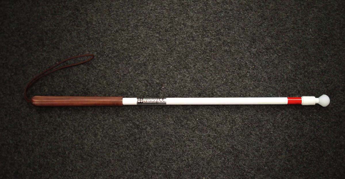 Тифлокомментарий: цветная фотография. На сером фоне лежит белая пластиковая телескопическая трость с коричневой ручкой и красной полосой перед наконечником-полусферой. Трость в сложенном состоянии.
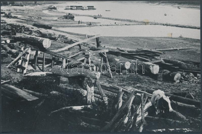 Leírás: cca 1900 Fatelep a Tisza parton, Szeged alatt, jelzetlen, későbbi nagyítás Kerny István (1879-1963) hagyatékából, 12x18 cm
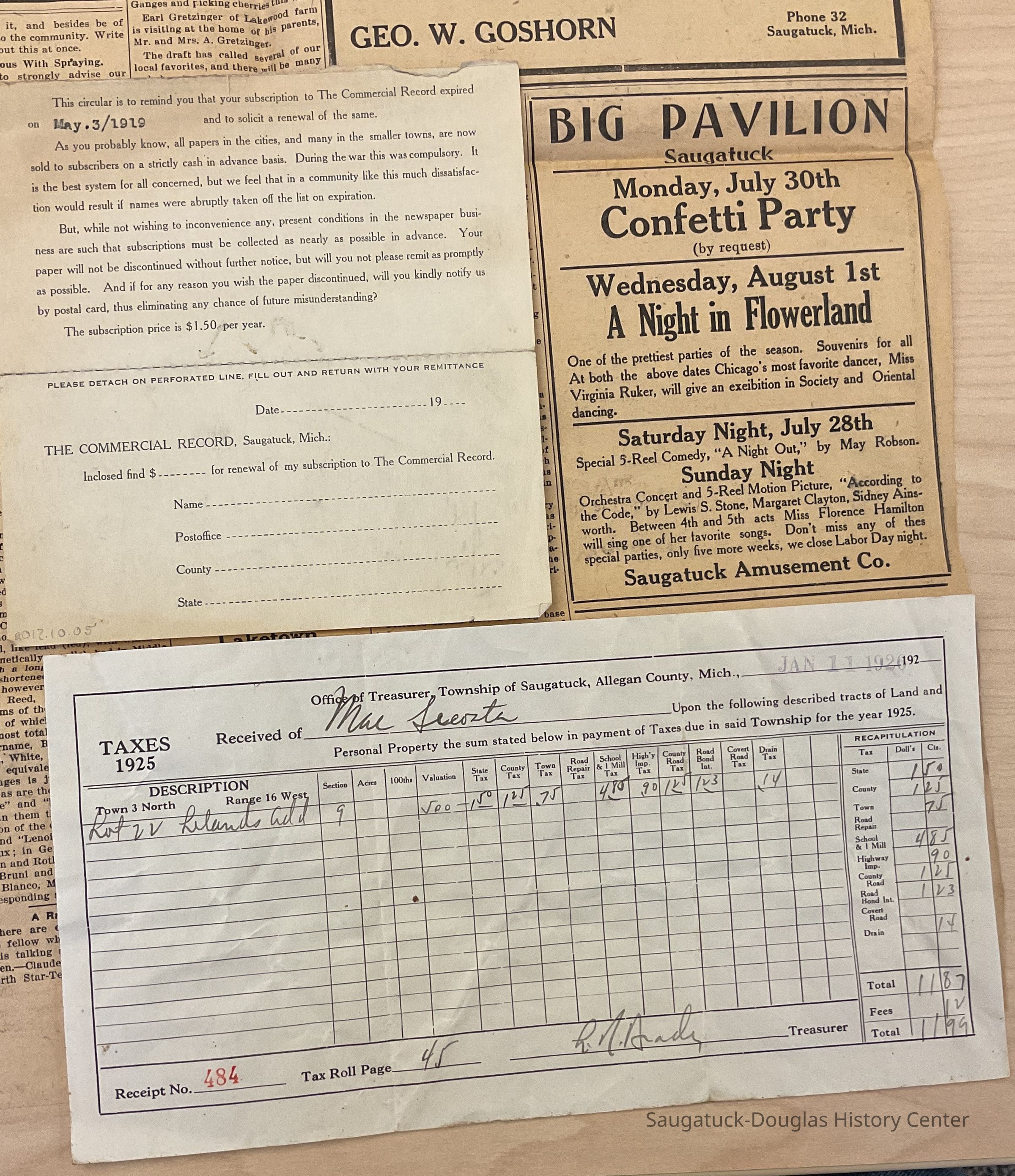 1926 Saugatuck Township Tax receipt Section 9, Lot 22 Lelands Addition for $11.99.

★ ★ ★ ★ ★

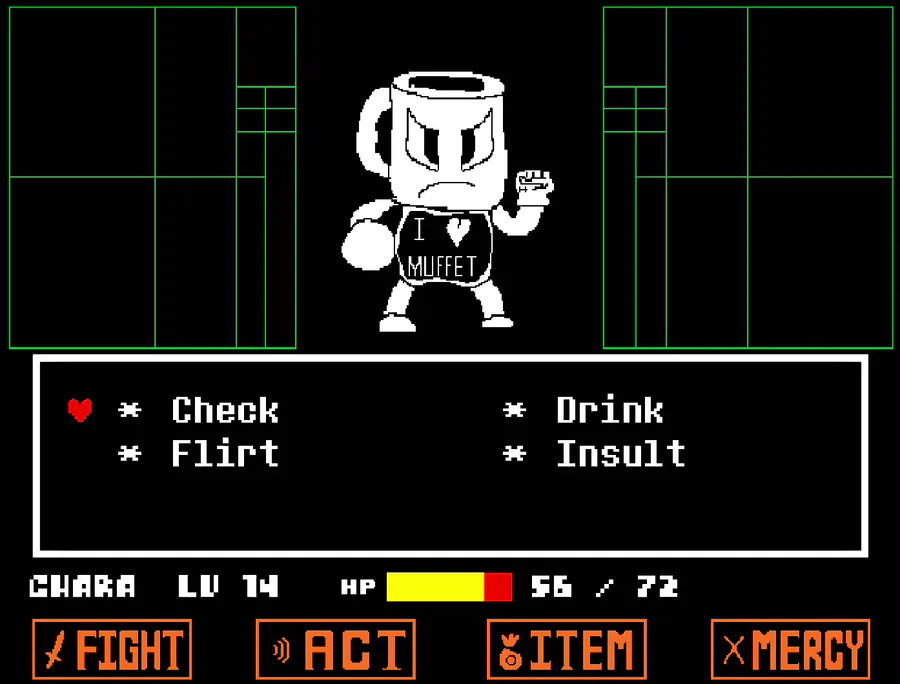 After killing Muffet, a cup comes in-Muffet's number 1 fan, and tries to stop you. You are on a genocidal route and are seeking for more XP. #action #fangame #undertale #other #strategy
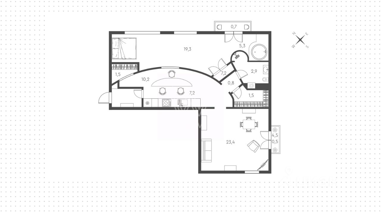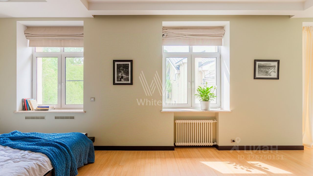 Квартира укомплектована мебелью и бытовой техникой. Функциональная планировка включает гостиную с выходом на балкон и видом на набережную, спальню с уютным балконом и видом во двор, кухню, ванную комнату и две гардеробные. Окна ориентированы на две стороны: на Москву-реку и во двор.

★ ★ ★ ★ ★

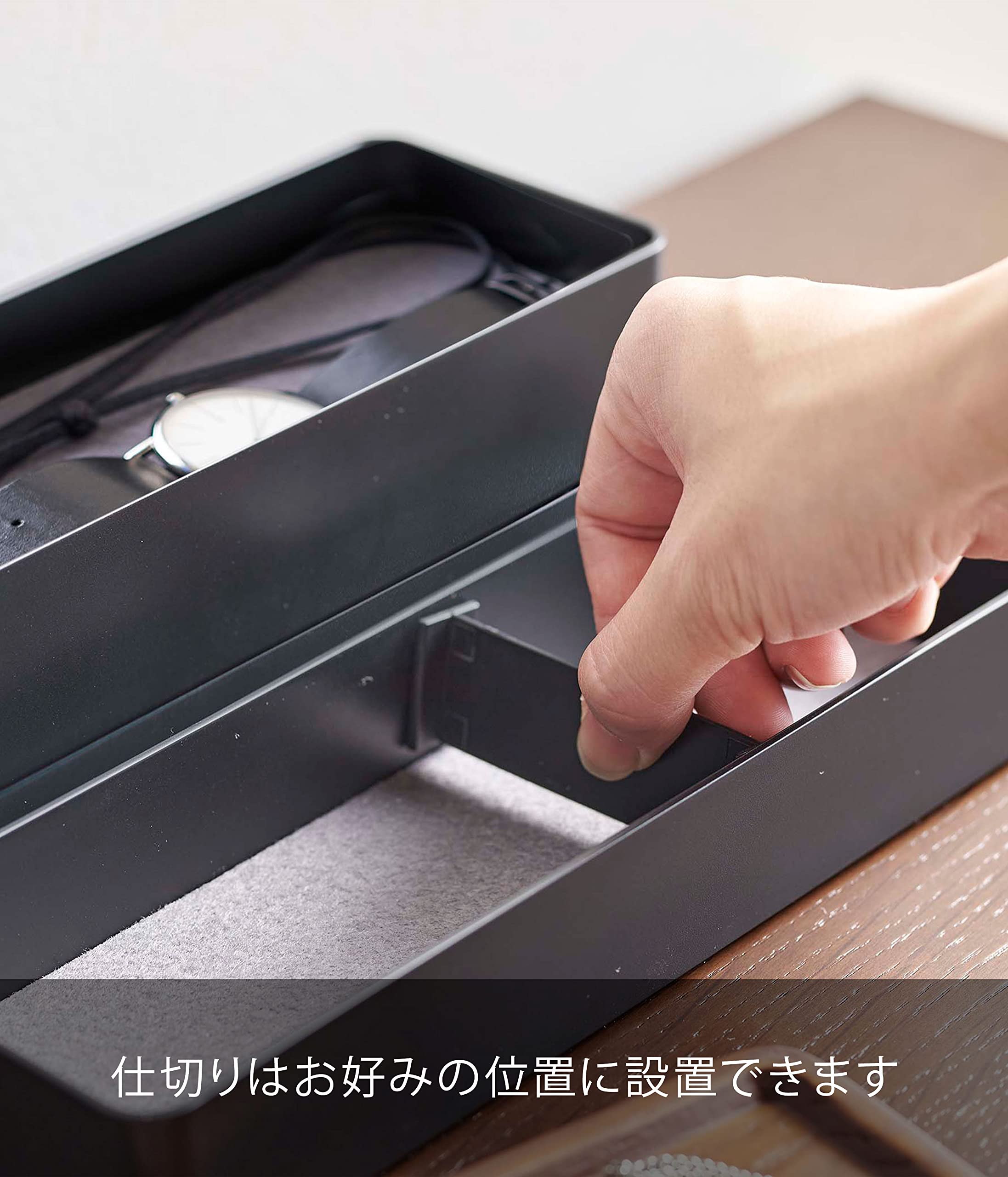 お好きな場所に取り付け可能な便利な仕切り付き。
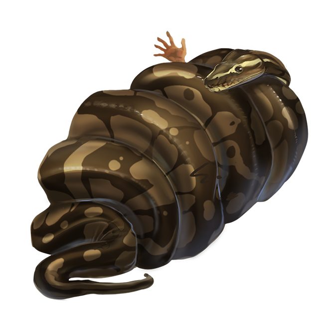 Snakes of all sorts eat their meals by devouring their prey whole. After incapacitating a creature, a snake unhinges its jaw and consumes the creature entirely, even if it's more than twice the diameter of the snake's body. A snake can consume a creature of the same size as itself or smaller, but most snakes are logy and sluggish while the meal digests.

★ ★ ★ ★ ★

→ Exercise details
Reproduce exactly the lines of the data above that run from the line with "Тифлокомментарий: цветная фотография." down to the line with "1926 Saugatuck Township", both ends included. Pictures do not belong in the copy.

→ Response area
 Тифлокомментарий: цветная фотография. На сером фоне лежит белая пластиковая телескопическая трость с коричневой ручкой и красной полосой перед наконечником-полусферой. Трость в сложенном состоянии.
 Leírás: cca 1900 Fatelep a Tisza parton, Szeged alatt, jelzetlen, későbbi nagyítás Kerny István (1879-1963) hagyatékából, 12x18 cm
 1926 Saugatuck Township Tax receipt Section 9, Lot 22 Lelands Addition for $11.99.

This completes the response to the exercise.